The fact that a mechanism protecting the rights of the buyer in the case of liquidation of the property on which the development project is carried out has been introduced, should be viewed positively. It aims at the protection of the buyer’s right to a particular part of the property’s value, to the extent consistent with his or her claim and the value of the entire property. A construction analogous to a limited right in rem has been used in this case, where the buyer is satisfied on the basis of an obligatory entry of his or her claim in the land and mortgage register. The issue of collision of the rights of buyers with the rights of the mortgage creditor has been resolved as well by applying the principle of priority of entry in the land and mortgage register (prior tempore potior iure). Liquidation of property on which the development project is carried out will be also possible under general principles governing bankruptcy or restructuring proceedings.


So what to do when a developer declares bankruptcy? There are three basic solutions: 1) continuation of the construction by the receiver or another developer; 2) satisfaction from escrow accounts (if any); 3) adoption of a resolution on a liquidation arrangement.

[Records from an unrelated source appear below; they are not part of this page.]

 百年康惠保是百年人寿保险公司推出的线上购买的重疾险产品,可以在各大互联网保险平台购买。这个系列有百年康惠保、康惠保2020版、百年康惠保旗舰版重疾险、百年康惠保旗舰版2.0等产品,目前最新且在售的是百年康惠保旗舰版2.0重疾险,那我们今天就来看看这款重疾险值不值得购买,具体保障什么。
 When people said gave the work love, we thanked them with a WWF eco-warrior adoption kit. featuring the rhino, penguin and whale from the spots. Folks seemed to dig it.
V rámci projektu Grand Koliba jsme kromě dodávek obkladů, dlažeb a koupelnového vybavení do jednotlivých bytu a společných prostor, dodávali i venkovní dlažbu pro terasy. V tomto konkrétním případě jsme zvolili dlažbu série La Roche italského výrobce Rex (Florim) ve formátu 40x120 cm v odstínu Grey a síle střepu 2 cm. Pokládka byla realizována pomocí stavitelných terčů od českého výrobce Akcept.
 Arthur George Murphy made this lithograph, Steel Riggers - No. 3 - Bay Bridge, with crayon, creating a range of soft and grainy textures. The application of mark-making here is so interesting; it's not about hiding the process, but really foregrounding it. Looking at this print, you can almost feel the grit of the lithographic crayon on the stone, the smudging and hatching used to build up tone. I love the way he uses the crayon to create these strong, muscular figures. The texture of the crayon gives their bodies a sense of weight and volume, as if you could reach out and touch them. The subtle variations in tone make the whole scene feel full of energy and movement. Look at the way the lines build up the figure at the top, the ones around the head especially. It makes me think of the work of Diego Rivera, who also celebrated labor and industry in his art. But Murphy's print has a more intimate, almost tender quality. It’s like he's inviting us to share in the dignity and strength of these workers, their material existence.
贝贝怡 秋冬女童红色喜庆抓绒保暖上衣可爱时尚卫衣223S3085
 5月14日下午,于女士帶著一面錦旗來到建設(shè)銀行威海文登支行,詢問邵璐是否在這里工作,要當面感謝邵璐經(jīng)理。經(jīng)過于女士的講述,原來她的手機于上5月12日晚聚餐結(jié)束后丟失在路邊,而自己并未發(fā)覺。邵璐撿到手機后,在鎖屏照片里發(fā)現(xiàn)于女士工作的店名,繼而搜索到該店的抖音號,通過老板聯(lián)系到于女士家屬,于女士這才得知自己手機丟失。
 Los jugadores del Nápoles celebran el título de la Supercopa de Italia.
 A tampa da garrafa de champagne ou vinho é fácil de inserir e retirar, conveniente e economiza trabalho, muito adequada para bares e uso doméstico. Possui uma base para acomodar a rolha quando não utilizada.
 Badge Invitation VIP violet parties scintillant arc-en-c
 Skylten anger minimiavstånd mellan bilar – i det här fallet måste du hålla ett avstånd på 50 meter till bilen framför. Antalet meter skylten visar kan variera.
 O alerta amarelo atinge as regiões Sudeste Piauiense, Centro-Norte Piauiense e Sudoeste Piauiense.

A judge commissioner convenes and holds a meeting of the buyers. If the investment is at an advanced stage, the most favourable solution for the buyers is a decision to continue the investment, provided that the proposal to continue the construction by the receiver is consistent with their financial capacities. If additional payments turn out to be significant, it is best to adopt a resolution on a liquidation arrangement, i.e. on the satisfaction of buyers by liquidating the developer’s assets in a manner provided for in the arrangement. After liquidation of the developer’s assets the amount obtained from the sale is divided between buyers of premises in accordance with the rules provided for in the arrangement. However, if the investment is not yet advanced and there are funds on the escrow account, the best solution would be to satisfy the buyers from the accounts. It is important to remember that buyers will form a separate group of creditors which nevertheless forms part of a greater whole – one of the groups of creditors under restructuring and bankruptcy proceedings. They will be able to influence the course and shape of the proceedings, but they will still be obliged to cooperate with the other creditors.